"Many web applications and APIs do not properly protect sensitive data, such as financial,
healthcare, and PII. Attackers may steal or modify such weakly protected data to conduct credit
card fraud, identity theft, or other crimes. Sensitive data may be compromised without extra
protection, such as encryption at rest or in transit, and requires special precautions when
exchanged with the browser."
So saith OWASP.
This is not just GDPR (which is a significant compliance issue), but a much larger problem associated with a general malaise in the industry.
We worry more about patching the latest patch than thinking and preventing the issue.
No wonder the issue came from nowhere (OWASP 2013 to #3 OWASP 2017)
How about not exposing the data just because it is "easier to keep all the data in one file" (ie data structure).
There are hundreds of "How about?"'s, but if we restructure our thinking on the issue as a whole there are better solutions.
I predict that it (Sensitive Data Exposure) will be #1 or #2 next year on the OWASP Top 10, and I predict the cost in 2018 will approach $1 billion to resolve breaches, compensate the afflicted, and patch.
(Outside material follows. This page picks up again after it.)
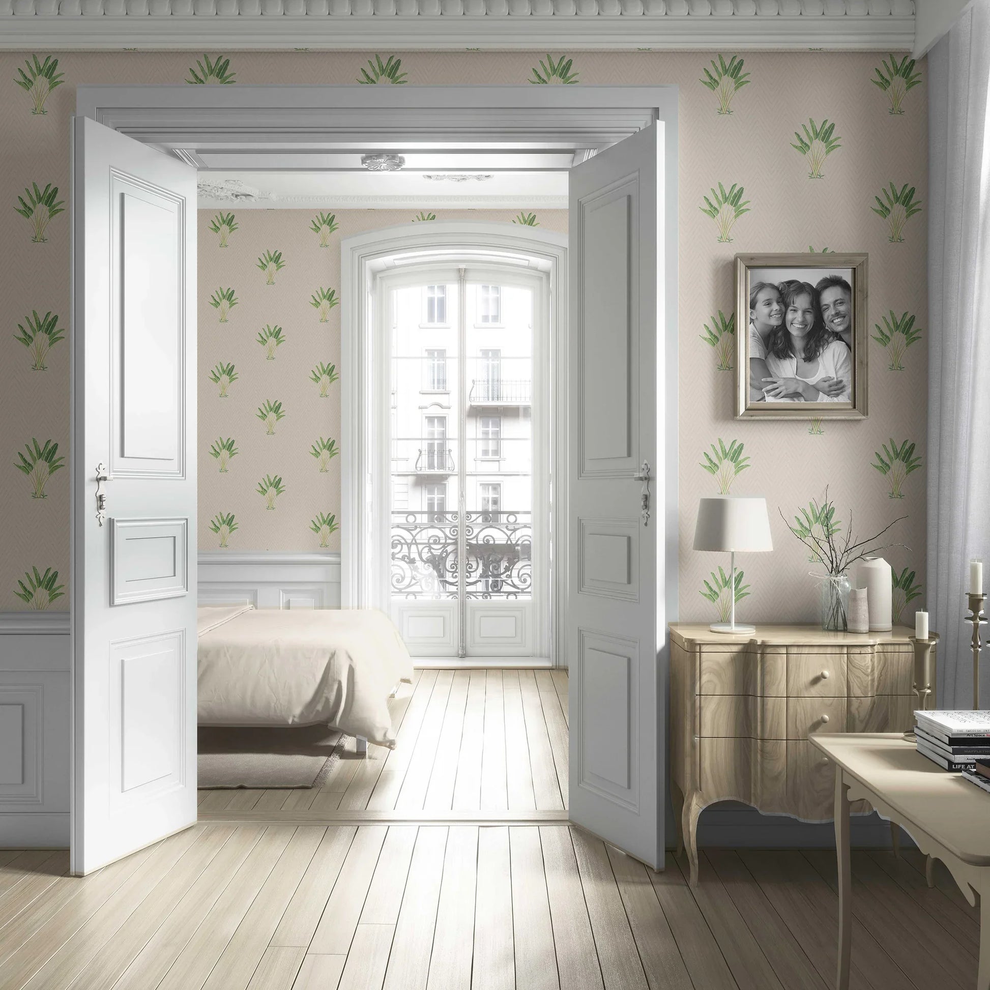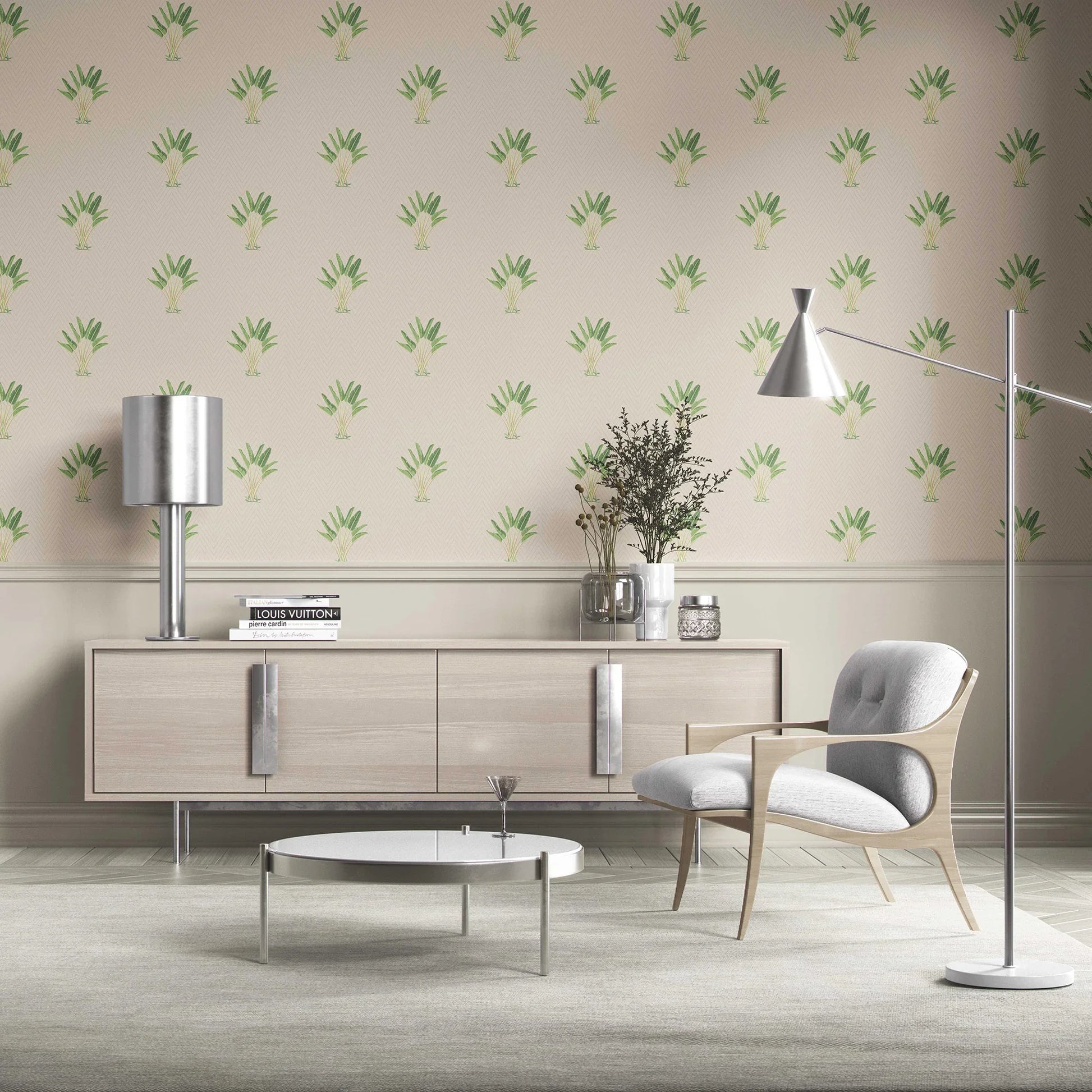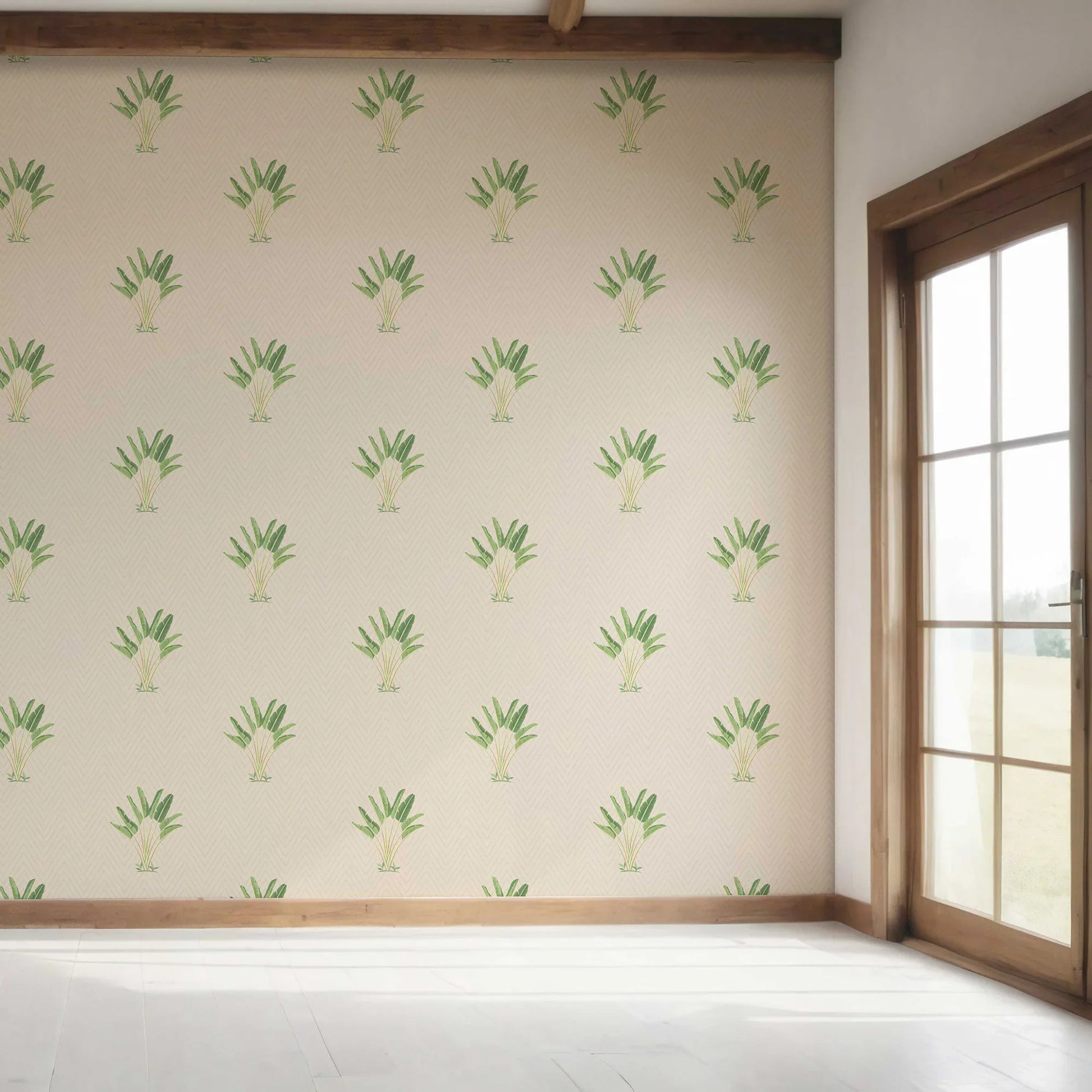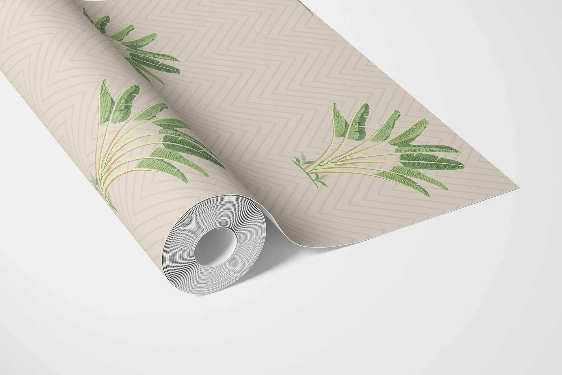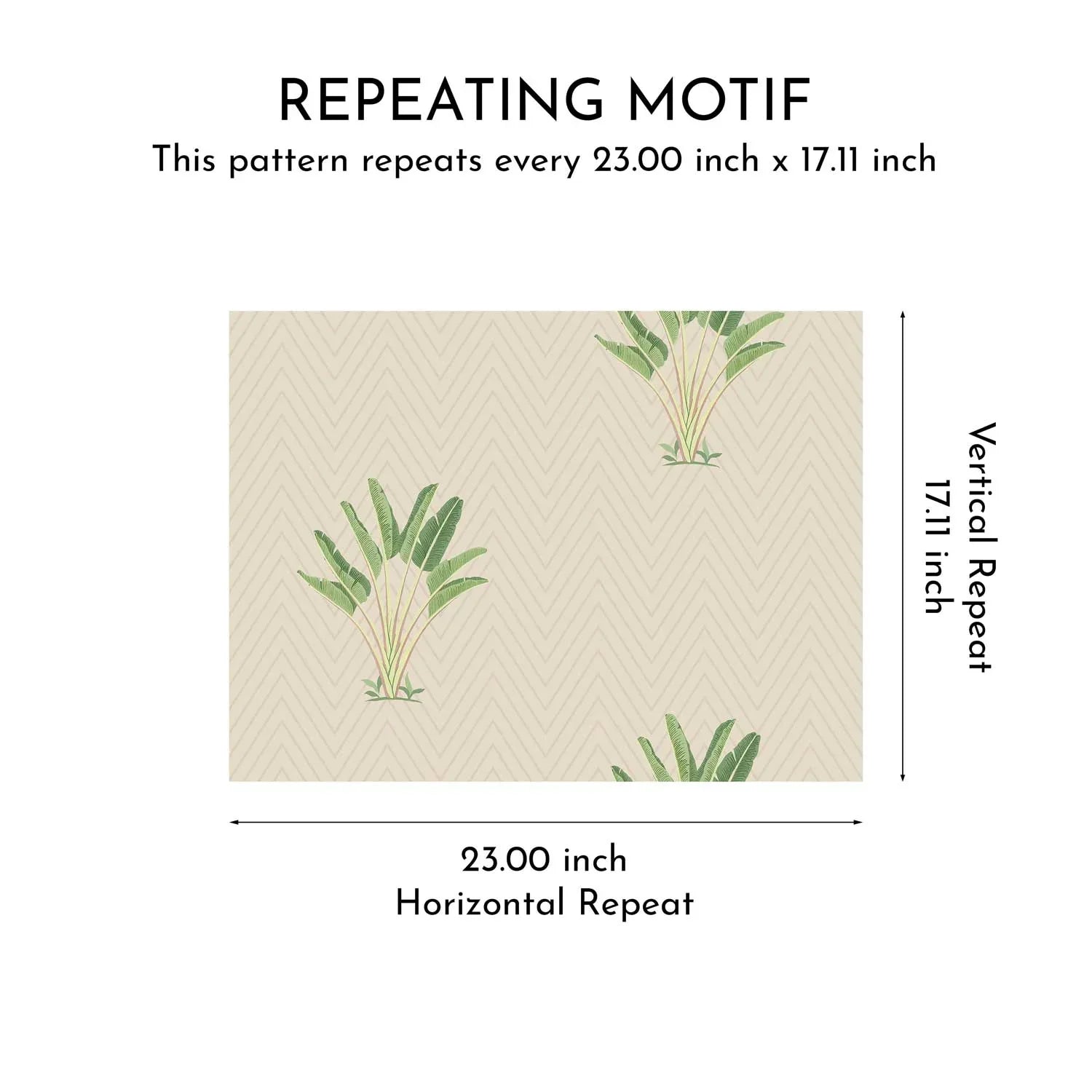 Bring home the timeless elegance of nature with the Taalpatra Wallpaper. Inspired by the graceful form of palm leaves (taal patra in Sanskrit), this design captures the harmony of the natural world and regal interiors. Each leaf cluster is delicately illustrated and set against a subtle chevron backdrop, creating a layered look that feels both refined and contemporary.

I predict that at least 1, but possibly 2 very highly compensated CISO's and even other CxO's will lose their position in 2018.
We need solutions, not palliatives (go ahead look it up).
What say you?
"Not exposing the data" is difficult, because it was probably gathered for a valid reason, and nowadays customers expect to be able to interact with it through the same UI.
Online shopping? "Please phone us if you want to confirm or change your card or address details" is another way of saying "We want to lose market share". Exceptions and complaints? "Please fill in form 37/b and post it to our head office..." is very 1980s, but not viable today. 🙂
Easy solutions are scarce, alas.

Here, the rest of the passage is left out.